¿Tu SSD se calienta demasiado sin hacer nada? Prueba estas soluciones

A la hora de comprar un SSD NVMe muy pocos se informan de los rangos de temperatura que el dispositivo puede ofrecer e incluso tolerar. Pero lo cierto es que, aunque se avanza en el buen sentido, es realmente complicado para los fabricantes ofrecer SSD de alto rendimiento con bajas temperaturas bajo carga, pero ¿y si además nuestro SSD es demasiado caliente sin hacer nada? ¿qué puede estar pasando y cómo solucionarlo?

Ni seremos los primeros ni seremos los últimos en tener problemas de temperatura con un SSD M.2, pero las alarmas saltan cuando en reposo abrimos nuestro software preferido de monitorización y vemos temperaturas por encima de los 60 grados, incluso por encima de 70 grados. Si este es tu caso, aquí van unas posibles soluciones a este problema.

¿Cómo solucionar los problemas de un SSD caliente en reposo?

SSD 7000 MB/s

En primer lugar, tenemos que entender que un SSD en idle, es decir, en reposo, sin carga, no debe de llegar a temperaturas por encima de 60 grados y normalmente ni siquiera a dicha cifra. El por qué tiene que ver con la vida útil de las NAND Flash y sobre todo con la capacidad para almacenar los datos. Esta tecnología de celdas 3D sufre mucho con temperaturas altas o muy bajas, provocando fallos en el SSD que incluso en algunos casos puede repercutir en pérdida de capacidad total, que normalmente está compensada con el sobre aprovisionamiento.

Por ello y teniendo esto claro, lo primero que debemos comprobar es que no haya ningún proceso en segundo plano dando trabajo al SSD. Para ello podemos abrir simplemente el administrador de tareas de Windows y ver la carga del disco. Abrirlo es muy sencillo, ya que solo tendremos que pinchar con el botón derecho en la barra de tareas y seleccionar «Administrador de tareas»

administrador de tareas ssd

Lo normal es que nuestro SSD esté entre el 1% y el 2% en el peor de los casos.

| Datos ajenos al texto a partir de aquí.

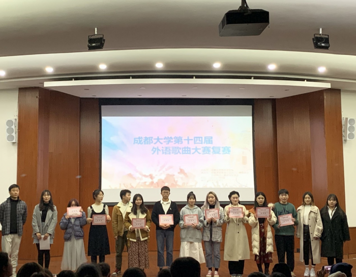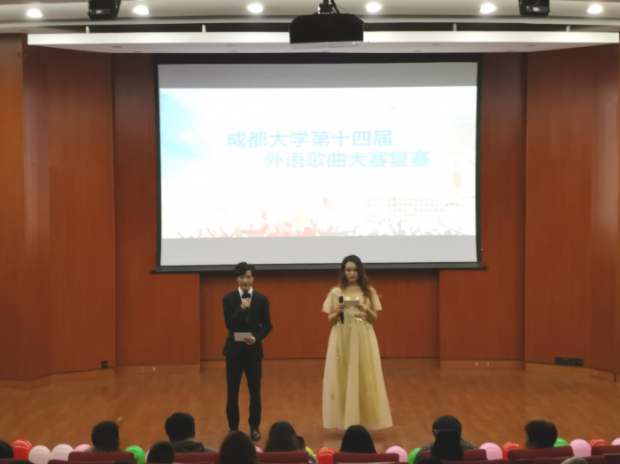 本网消息(英语口语协会 供稿)继11月17日的外语歌曲大赛初赛结束后,我们终于迎来了外语歌曲大赛复赛。12月8日晚七点十五分成都大学第十四届外语歌曲大赛复赛在学术交流中心正式展开。经过初赛的严格选拔后,总共有17位选手进入了复赛。
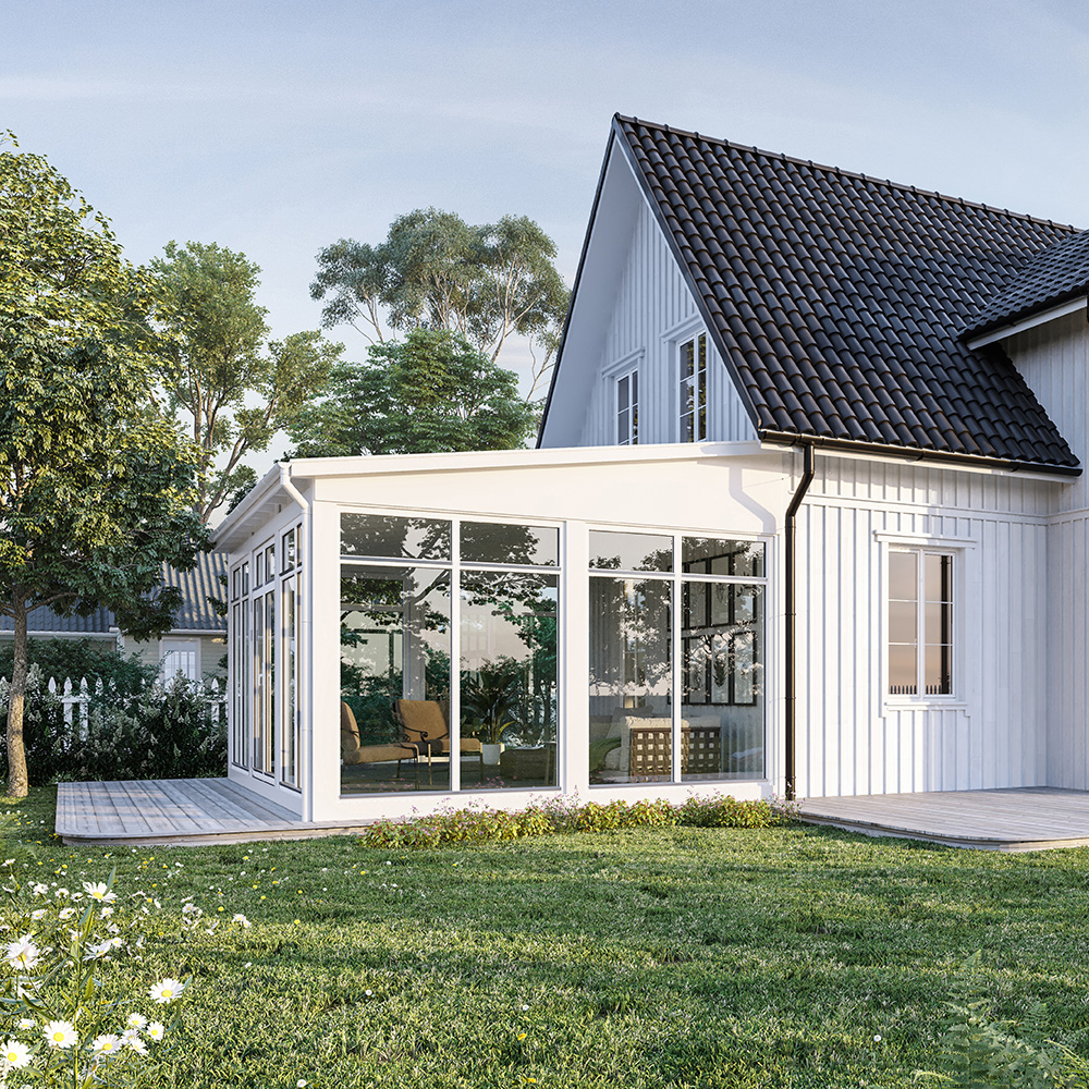 Arkitektritade Känna passar utmärkt till klassiska villor och hus i modernare stil såväl som till de flesta andra hus eftersom det har ett smidigt pulpettak. Känna är en paketlösning med allt du behöver för att skapa din dröm om större ytor i hemmet!
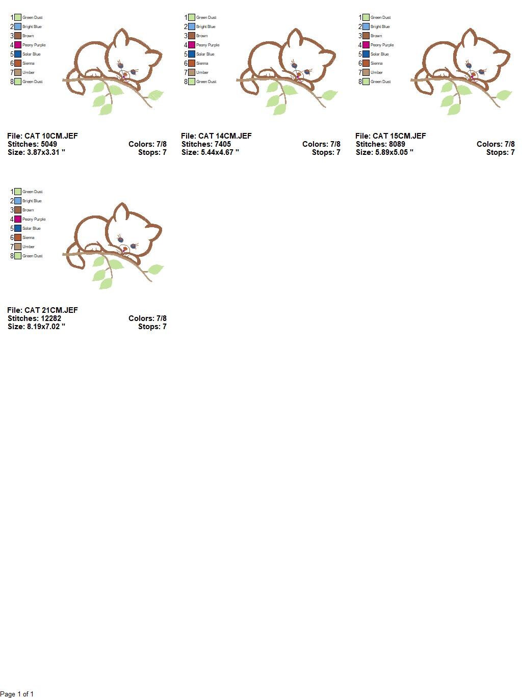 There are 4 sizes included for each design, please check the information under the pictures for the precise sizes of each design, stitch count, color changes and etc.
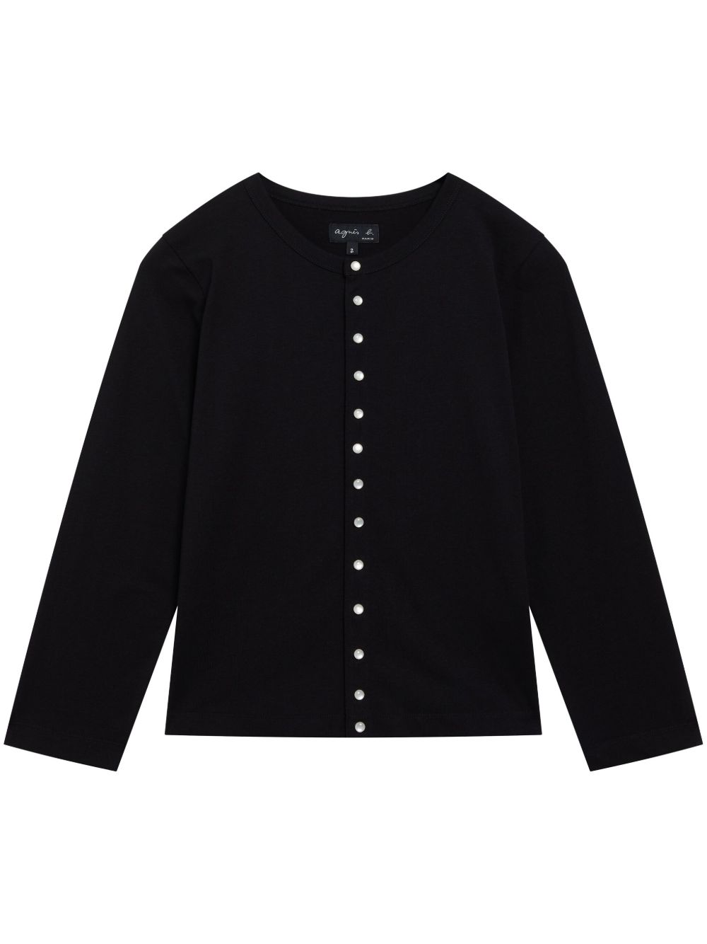 黑色 棉 圆领 正面纽扣 长袖 平直下摆
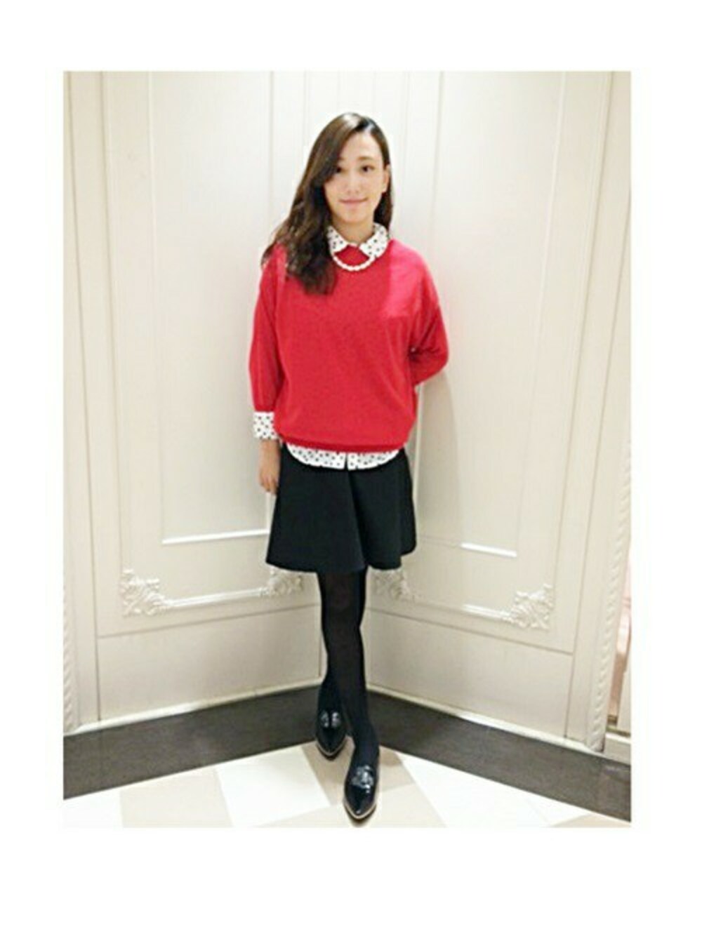 赤のニットとドットのブラウスでレトロに仕上げたこちらのコーディネートです。ニットの下に着用しているドットのブラウスは 季節感を問わずにお使い頂けるお素材です。定番のドット柄ですが、丸衿なので 一番上までボタンをしめてもきっちりしすぎずかわいらしい印象になりますよ。
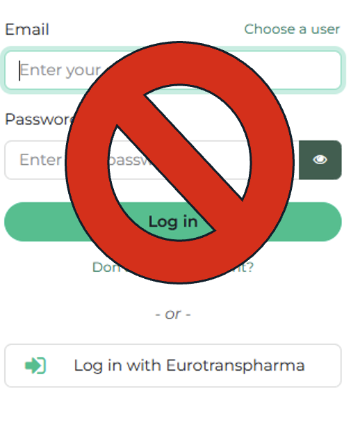 - Click on button with arrow 'Log in with Eurotranspharma' - Please DO NOT enter your email address as this only applicable for the supplier.
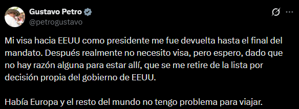 «Mi visa hacia EEUU como presidente me fue devuelta hasta el final del mandato. Después realmente no necesito visa», manifestó Petro en su cuenta de X.
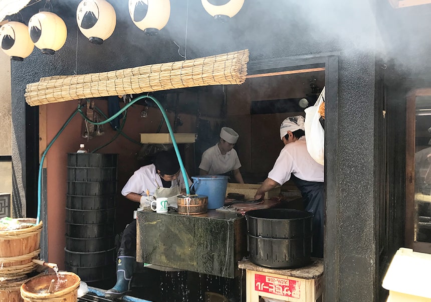 そして、成田詣での旅人を迎え入れる街として、旅館がもっとも賑わいを見せていた江戸時代を彷彿とさせるのが、「仲町・幸町界隈」です。昔ながらの街並みが残るこの参道は、店頭でうなぎをさばく光景が見れるなど、多くの参拝客が行き交う活気にあふれたエリアです。
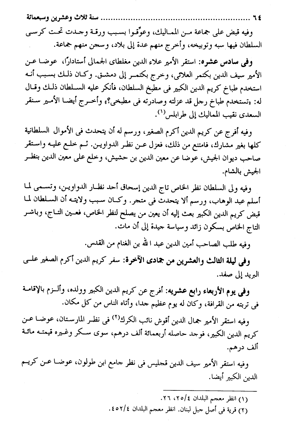 وَفِيه قبض على جمَاعَة من المماليك وعوقوا بِسَبَب ورقة وجدت تَحت كرْسِي السُّلْطَان فِيهَا سبه وتوبيخه وَأخرج مِنْهُم عدَّة إِلَى بِلَاد وسجن مِنْهُم جمَاعَة. وَفِي سادس عشره: اسْتَقر الْأَمِير عَلَاء الدّين مغلطاي الجمالي أستاداراً عوضا عَن الْأَمِير سيف الدّين بكتمر العلائي وَخرج بكتمر إِلَى دمشق. وَكَانَ ذَلِك بِسَبَب أَنه استخدم طباخ كريم الدّين الْكَبِير فِي مطبخ السُّلْطَان فَأنْكر عَلَيْهِ السُّلْطَان ذَلِك وَقَالَ لَهُ: تستخدم طباخ رجل قد عزلته وصادرته فِي مطبخي وَأخرج أَيْضا الْأَمِير سنقر السَّعْدِيّ نقيب المماليك إِلَى طرابلس. وَفِيه أفرج عَن كريم الدّين أكْرم الصَّغِير ورسم لَهُ أَن يتحدث فِي الْأَمْوَال السُّلْطَانِيَّة كلهَا بِغَيْر مشارك فَامْتنعَ من ذَلِك فعزل عَن نظر الدَّوَاوِين. ثمَّ خلع عَلَيْهِ وَاسْتقر صَاحب ديوَان الْجَيْش عوضا عَن معِين الدّين بن حشيش وخلع على معِين الدّين بِنَظَر الْجَيْش بِالشَّام. وَفِيه ولى السُّلْطَان نظر الْخَاص تَاج الدّين اسحاق أحد نظار الدَّوَاوِين وَتسَمى لما أسلم عبد الْوَهَّاب ورسم أَلا يتحدث فِي متجر. وَكَانَ سَبَب ولَايَته أَن السُّلْطَان لما قبض كريم الدّين الْكَبِير بعث إِلَيْهِ أَن يعين من يصلح لنظر الْخَاص فعين التَّاج وباشر التَّاج الْخَاص بِسُكُون زَائِد وسياسة جَيِّدَة إِلَى أَن مَاتَ. وَفِيه طلب الصاحب أَمِين الدّين عبد الله بن الغنام من الْقُدس. وَفِي لَيْلَة الثَّالِث وَالْعِشْرين من جُمَادَى الْآخِرَة: سفر كريم الدّين أكْرم الصَّغِير على الْبَرِيد إِلَى صفد. وَفِي يَوْم الْأَرْبَعَاء رَابِع عشريه: أفرج عَن كريم الدّين الْكَبِير وَولده وألزم بِالْإِقَامَةِ فِي تربته من القرافة وَكَانَ لَهُ يَوْم عَظِيم جدا وَأَتَاهُ النَّاس من كل مَكَان. وَفِيه اسْتَقر الْأَمِير جمال الدّين أقوش نَائِب الكرك فِي نظر المارستان عوضا عَن كريم الدّين الْكَبِير فَوجدَ حَاصله أَرْبَعمِائَة ألف دِرْهَم سوي سكر وَغَيره قِيمَته مائَة ألف دِرْهَم. وَفِيه اسْتَقر الْأَمِير سيف الدّين قجليس فِي نظر جَامع ابْن طولون عوضا عَن كريم الدّين الْكَبِير أَيْضا.

Viendo el proceso en concreto que consume los recursos podemos saber que programa, virus o servicio está dando trabajo a nuestro dispositivo y aumentando en idle su temperatura progresivamente.

Una instalación incorrecta puede agravar los problemas

Cómo instalar un SSD M.2

En el segundo caso partimos del supuesto de una placa base con un disipador para los SSD M.2. No son pocos los usuarios que instalando su disco no colocan correctamente el pad térmico del disipador y bien, o dejan la controladora sin cubrir o bien crean una distancia entre el pad y el disipador por un montaje incorrecto, permitiendo que el SSD coja temperatura poco a poco.

Por ello, es recomendable revisar que la instalación es correcta, que el pad térmico ha sido bien colocado y que hace contacto con el disipador de turno.

El tercer caso es una colocación incorrecta del SSD. Para aclarar esto hay que partir del caso de que la placa base tiene varios M.2 x4 disponibles para su uso o elección. Muchos usuarios piensan que un SSD instalado en el slot M.2 que hay debajo de la tarjeta gráfica es la elección correcta por influirle el flujo directamente.

SSD SATA

Pero la realidad es que, si la tarjeta consume muchos vatios, el aire que se proyecta al disipador del SSD es mucho más caliente del que debería de ser, aumentando la temperatura del mismo. En GPUs de gama muy alta esto puede ser un verdadero problema, llegando a causar thermalthottling y con ello reducir considerablemente el rendimiento.

Por último y siendo el caso más raro dada la calidad de fabricación actual de los SSD, a veces una unidad viene defectuosa en su controladora, lo que potencia un desgaste constante y permanente de las celdas en un trabajo de carga y descarga de la caché que hace que el SSD esté funcionando a un alto nivel de forma interna.

No hay forma de comprobar esto si no es con un controlador especial del fabricante, así que lo más sencillo es mandar a RMA la unidad y que nos faciliten otra si está en garantía. Si no, en breve tendremos un bonito coge papeles encima de la mesa.